Сева мгновенно вскочил, загремев партой. Лесничий тут же схватил пистолет и выстрелил, сбив плафон, осколки стекла полетели в разные стороны, кто-то из женщин вскрикнул и снова воцарилась тишина.
— Хватит болтать, перехожу к делу. Итак, повторяю для особо упертых, никаких переходов тут нет. Михалыч если что и разгадал, так унес эту тайну с собой, он шельма, узнал о моих делах, ну он за это и поплатился. Чего я хочу, значит. Даю вам времени до вечера, вы все собираете шмотки, ежели надо, мне этого добра не жалко, и проваливаете из этой деревни на все четыре стороны. Кусок леса, накрытый полем двух работающих генераторов, весьма лакомый кусочек для торговли, он вполне покроет убытки, которые я понес за эти годы. На этом, пожалуй, и все.

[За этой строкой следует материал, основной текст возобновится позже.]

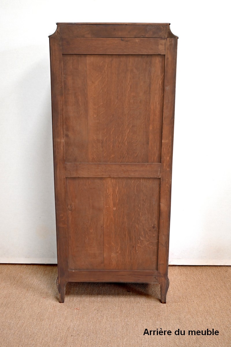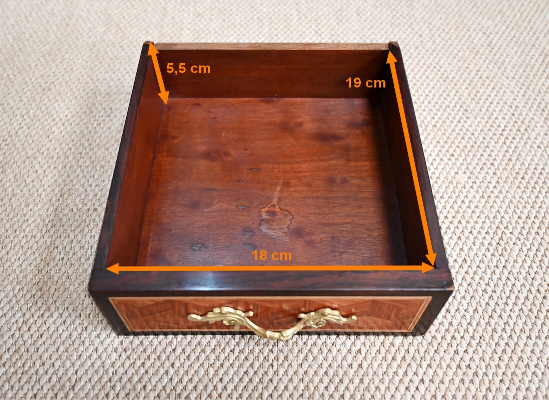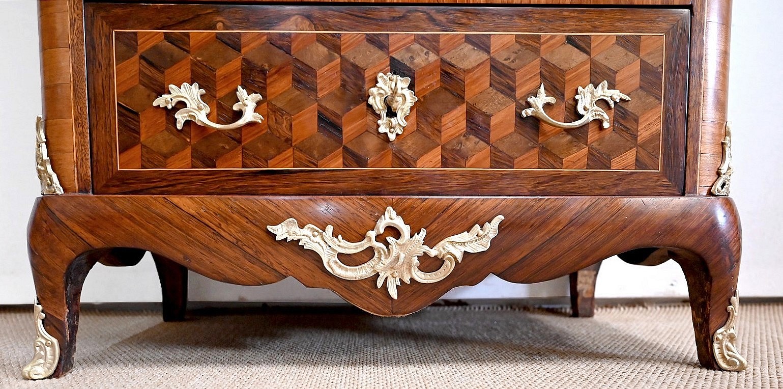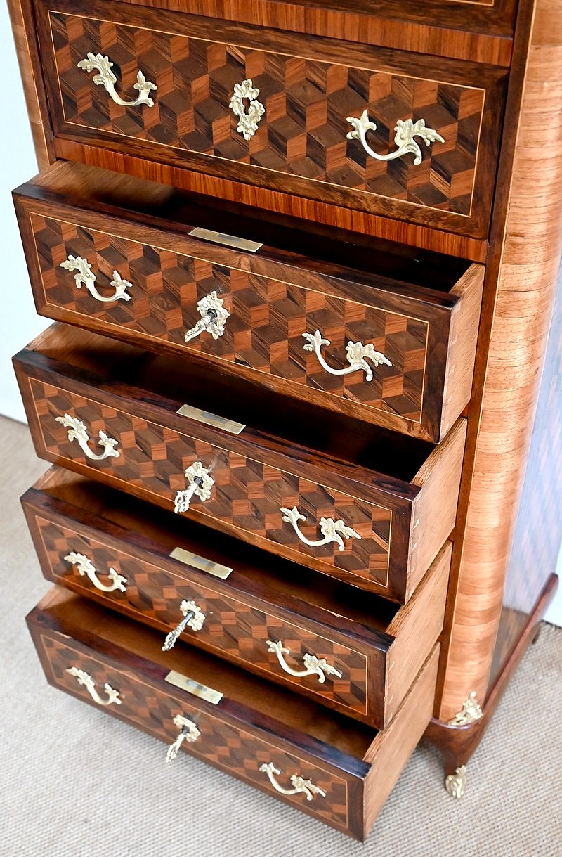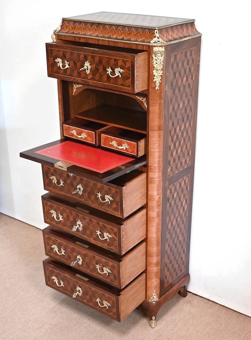 Deux d’entre eux forment un abattant dévoilant une partie écritoire. Une fois ouvert, on y découvre une niche avec chutes de bronze, au-dessus de deux petits tiroirs marquetés de bois de rose avec filet de bois clair et pourtour en palissandre. Une poignée en bronze permet le tirage. L’espace de travail en palissandre est garni d’un cuir rouge actuel avec vignette et motifs d’angle dorés.

— Но, Андрей! Ты же выгоняешь нас на улицу, — плачущим голосом начала Анна. — Ты же обещал, что мы останемся тут. Крути свои дела, если тебе надо. А там и детей сразу отберут, отправят по детским домам, и мы все сядем за то, что их украли.
— А я передумал. Вон Витеньке спасибо скажите, он вчера на работу поехал и за каким-то лешим прихватил долговязого с собой. Не знаю, где они там валандались, только утром менты приезжали. Покрутились, покрутились да назад уехали. Тут такие мощности, что плевать на ментов я хотел.
— Ты ж от будки с нами приехал, домой пошел, откуда знаешь, что полиция приезжала? Помощничка, никак, заимел? — спросил Виктор.
— Не твое дело, — зло бросил Афанасьич. — Считай, что птичка на хвосте принесла, их в лесу пруд пруди.
— Андрей, ну хоть малышей пожалей, я с ними тут поживу, ну хоть какое-то время, — со слезами на глазах продолжала упрашивать Анна.
— Да плевать мне на все это отродье, родились у непутевых родителей, пускай и выживают как могут, я им в няньки не нанимался.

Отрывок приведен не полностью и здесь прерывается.